→ What is required
Each line of data below is to be returned exactly, leaving out any picture.

→ Data provided

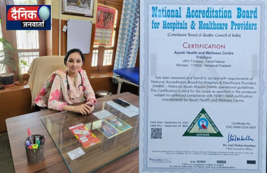 कालाअंब (सिरमौर)। सिरमौर जिले के त्रिलोकपुर स्थित राजकीय आयुर्वेदिक औषधालय को राष्ट्रीय स्तर पर बड़ी उपलब्धि हासिल हुई है। भारतीय गुणवत्ता परिषद की शाखा नेशनल एक्रेडिटेशन बोर्ड फॉर हॉस्पिटल एंड हेल्थकेयर प्रोवाइडर्स (NABH) द्वारा इस औषधालय को राष्ट्रीय आयुष मिशन के अंतर्गत बेहतर चिकित्सा सेवाओं के लिए प्रमाणित किया गया है।
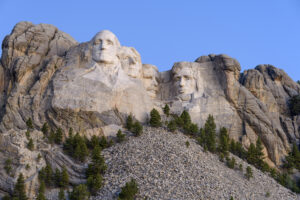 Towering high above the treetops and juxtaposed against limitless skies, Mount Rushmore is an impressive tribute to freedom and democracy in America. The awe-inspiring granite sculpture features 60-foot faces of four U.S. presidents who played an integral role in the birth, expansion, development and preservation of the nation: George Washington, Thomas Jefferson, Theodore Roosevelt and Abraham Lincoln.
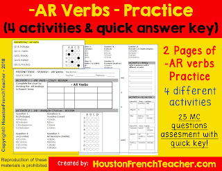 *Spanish -AR verbs Practice – Diverse Activities worksheet with Quick Answer Key

→ Exercise solution
 कालाअंब (सिरमौर)। सिरमौर जिले के त्रिलोकपुर स्थित राजकीय आयुर्वेदिक औषधालय को राष्ट्रीय स्तर पर बड़ी उपलब्धि हासिल हुई है। भारतीय गुणवत्ता परिषद की शाखा नेशनल एक्रेडिटेशन बोर्ड फॉर हॉस्पिटल एंड हेल्थकेयर प्रोवाइडर्स (NABH) द्वारा इस औषधालय को राष्ट्रीय आयुष मिशन के अंतर्गत बेहतर चिकित्सा सेवाओं के लिए प्रमाणित किया गया है।
 Towering high above the treetops and juxtaposed against limitless skies, Mount Rushmore is an impressive tribute to freedom and democracy in America. The awe-inspiring granite sculpture features 60-foot faces of four U.S. presidents who played an integral role in the birth, expansion, development and preservation of the nation: George Washington, Thomas Jefferson, Theodore Roosevelt and Abraham Lincoln.
 *Spanish -AR verbs Practice – Diverse Activities worksheet with Quick Answer Key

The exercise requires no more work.